Kampala — The StopEACOP Campaign is appalled by Standard Bank’s decision to help finance the East African Crude Oil Pipeline (EACOP) project and condemns this decision in the strongest possible terms. This decision follows a years-long review process, during which environmental and social concerns raised by numerous stakeholders were evidently ignored.
The $5 billion EACOP project, spearheaded by TotalEnergies, aims to transport crude oil from Uganda’s oil fields to a terminal in Tanga, Tanzania. Despite significant opposition from affected communities and environmental and human rights groups, Standard Bank, Africa’s largest lender, has decided to support this disastrous project.
Standard Bank chair Nonkululeko Nyembezi stated in a recent interview that they had conducted comprehensive environmental and social due diligence. However, the claim contradicts the project’s grave climate, environmental and human rights risks. The decision of Standard Bank is also at odds with the assessment of its peers, who have ruled out support for the EACOP for climate, environmental, and social concerns.

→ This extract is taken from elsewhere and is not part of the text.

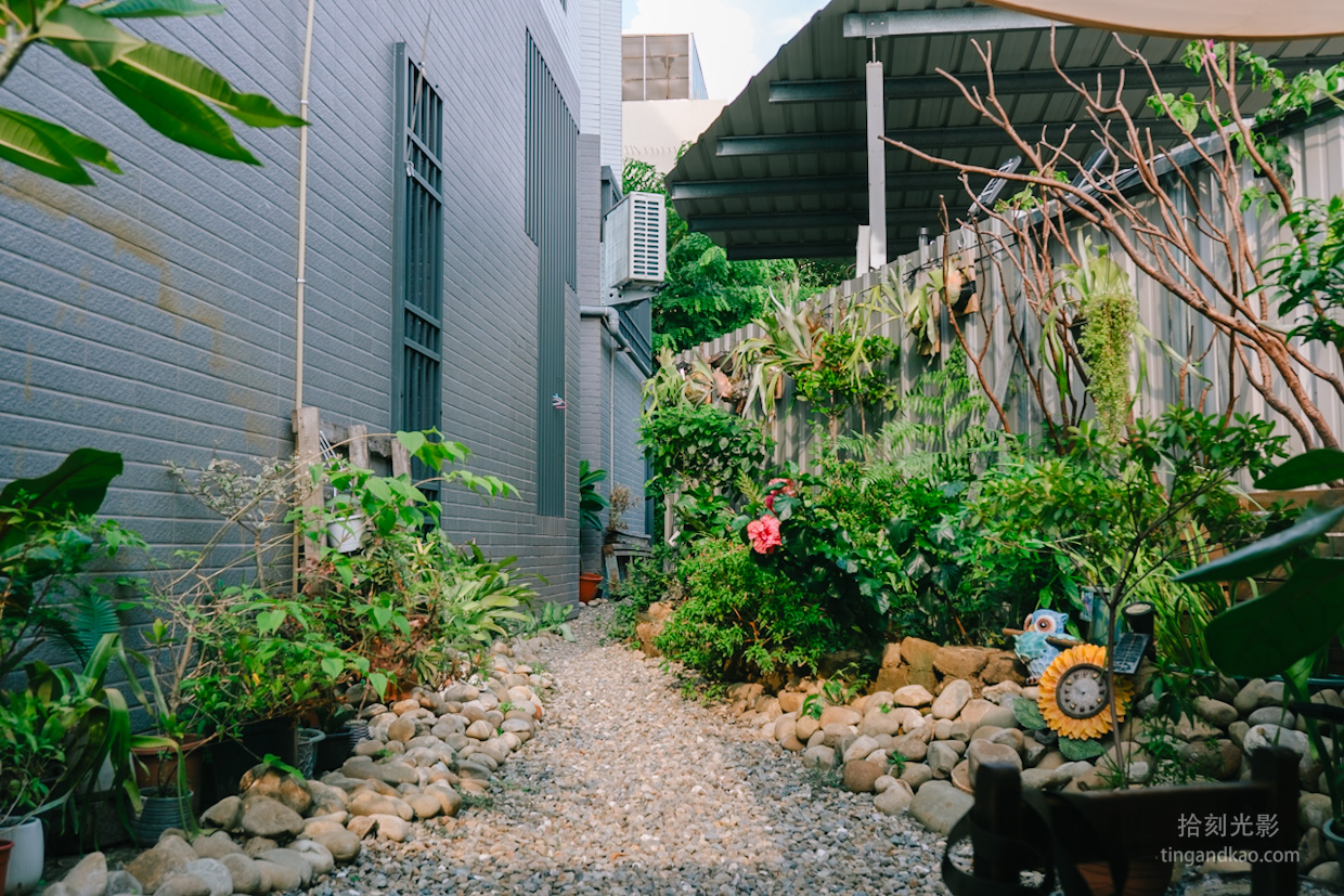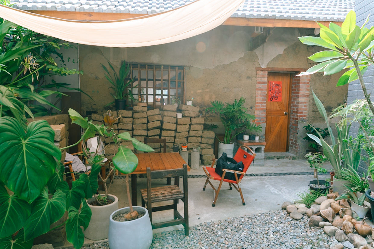 低頭厝咖啡後院的空間也設有座位區,後院布置許多綠植和花園。但戶外只有電扇,在夏天還是太熱了,等待天氣涼快一些,必能好好享受戶外空間。

Standard Bank’s decision ignores local opposition and human rights abuses
In the last month alone, 11 pipeline critics have been arrested in Uganda and Tanzania after expressing their concerns about the project. In addition, one of the community leaders from the Kingfisher region in Uganda was abducted by the Uganda Peoples’ Defense Forces, bringing condemnation from the UN Special Rapporteur on Human Rights Defenders. Standard Bank’s untimely announcement of their decision to finance EACOP, in the midst of a brutal crackdown on human rights, environmental and land defenders in Uganda and Tanzania, illustrates their level of detachment from the realities and experiences of communities on the ground and calls into question their claim to have done thorough due diligence.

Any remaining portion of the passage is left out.